Wracając do kompozycji Gustawa Holsta, wpierw Mars, wysłałem intencję o pośrednika, angeli bonum, agathos daimona, aby otrzymać jego przekazy na czas pracy z archontami sfer i planet, tak, aby pracowali nad moją naturą zgodnie z moim starym życzeniem, aby ze zbiorów moich poruszeń na ziemi wybudować doskonały pośmiertny umysł w eterycznym ciele młodego bóstwa, nowy dom mojej świadomości, sumacja tych wszystkich rzeczy mojego życia, które rezonowały z wyższymi oktawami harmonii, rewolucji, obrotów sfer niebieskich, głębię mojego czucia i intelektu w każdej najpiękniejszej instancji.

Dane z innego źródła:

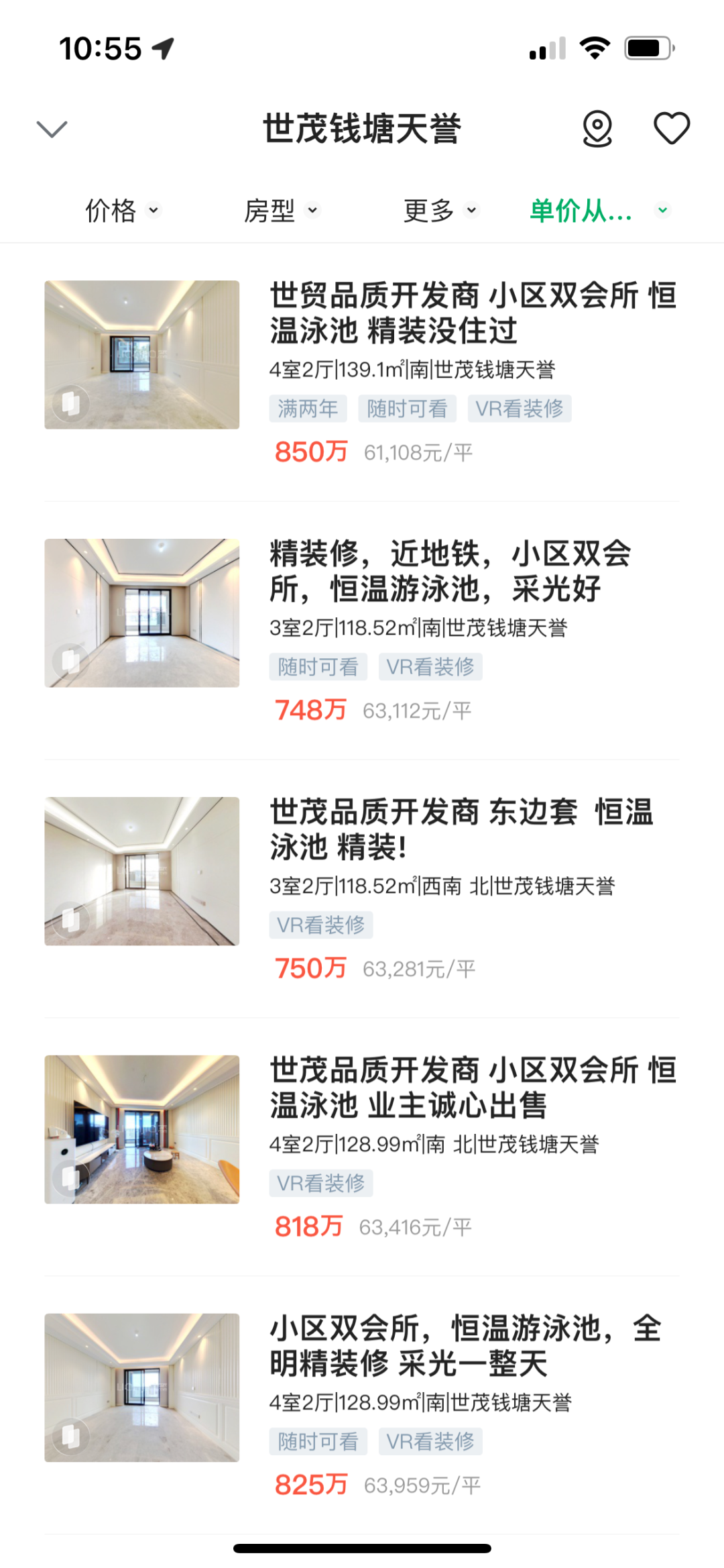 接下来继续看其他板块,我分别选取了滨江区政府、南星桥、以及城东区域的部分热度相对较高的二手楼盘。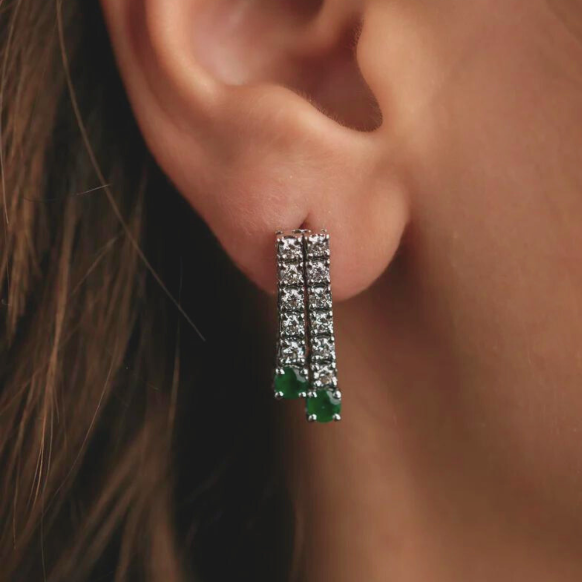 Emerald Rain Beyaz Altın Pırlanta ve Zümrüt Küpe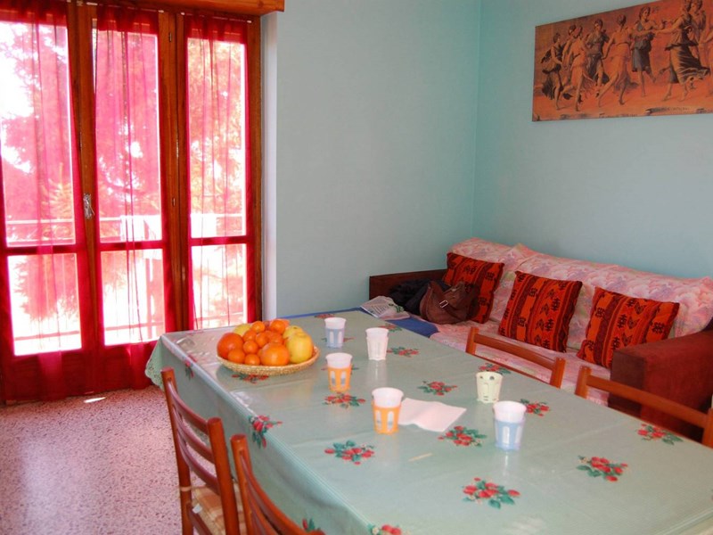Primo piano: cucina, soggiorno con pavimento in graniglia e due grandi balconi.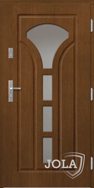 Kivitelezés: Tömítés a szárnyban és a tokban, betörésgátló csap a zsanér oldalán, a szárny külső burkolata vízálló rétegelt lemezből készült, a szárny belső szerkezete poliuretán habbal töltött méhrács.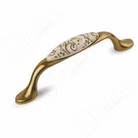Ручка-скоба 96мм бронза состаренная/керамика золотые узоры (UP19-11AB/MLK)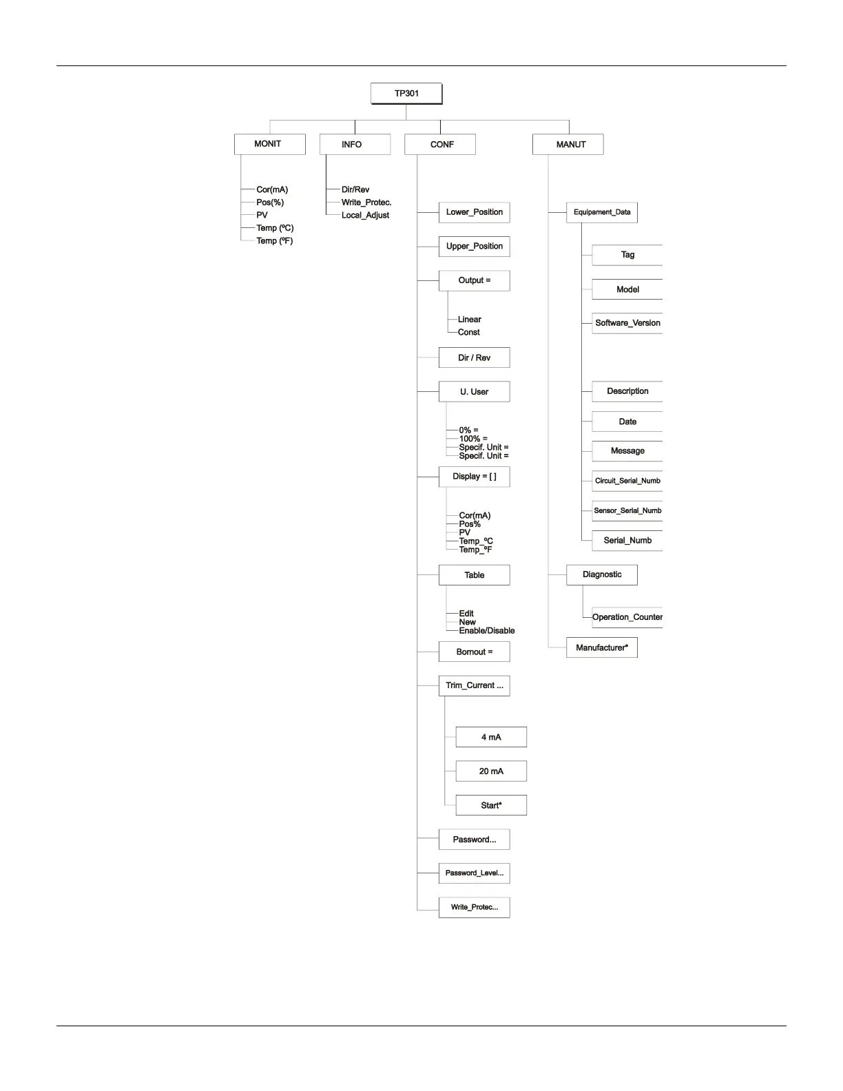 Figure 3.4 TP301 programming tree for the portable configurator based on PalmOS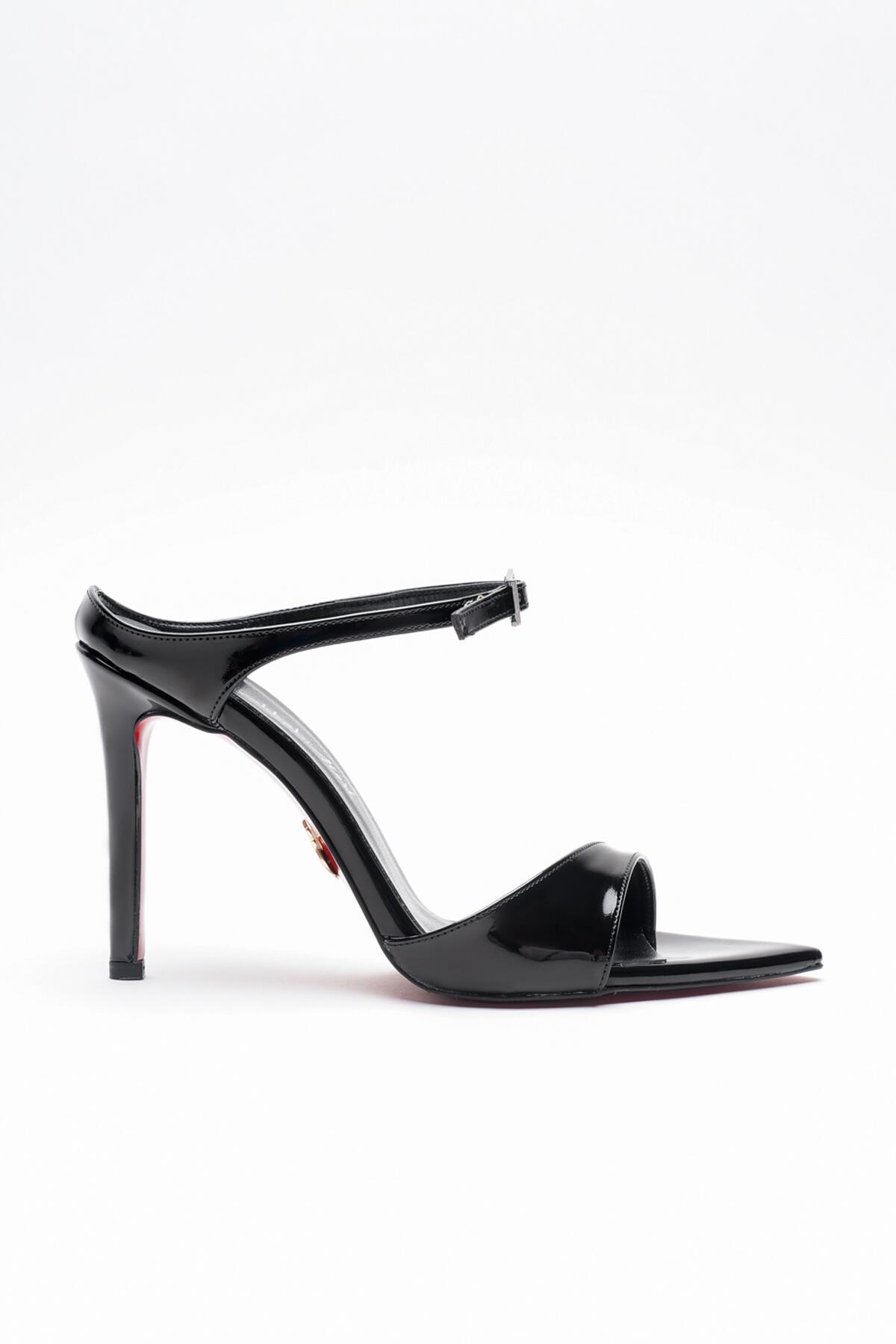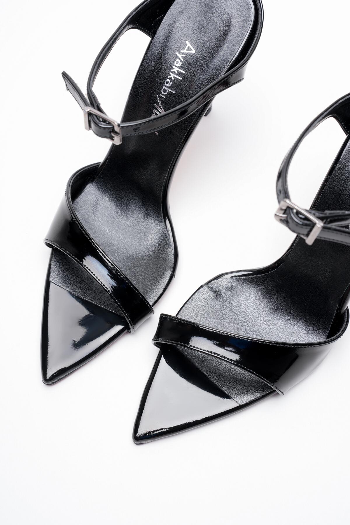 Kadın Sivri Burun Yazlık İnce Topuklu Ayakkabı Yore Siyah Rugan

W ten sposób wchłaniałem część szlifów i rzeźbień tychże natur na ziemi, mój geniusz, inklinacja zindywidualizowana, maska Boskości, zharmonizowana z całością ekspresji kosmicznego pędu życiowego. Każda z planetarnych sfer była koncentrowana przeze mnie, jakbym był pryzmatem, interpretując moją naturę przez swoje jakości, w moim umyśle pojawiła się Mars i Neria z Picatrix, piękna, dostojna para, nagle znalazłem się w wojennym sztormie, wycofując miecz przed cięciem, potem znalazłem się w Japonii kontemplując wskazania mistrza Dogena z mieczem przede mną, który nie miał prawa pić krwi bez wskazania od mistrza, przypomniałem sobie Hagakure Yamamoto Tsunemoto (1659–1719 n.e.), zrozumiałem, że ostrzem i tarczą jestem ja sam, a te artefakty są jedynie narzędziami woli. Przenosiłem się między maleficznymi, a beneficznymi aspektami sfer, mając słowa wielkiego Al-Kabisiego w pamięci, wkraczałem w Mitraicką świątynię-jaskinię sfer, przechodząc w pokorze przez kolejne stopnie, okrążając świątynię wzdłuż konstelacji, zodiaku i planet, wznosząc swe pochodnie: Cautes, Cautopates.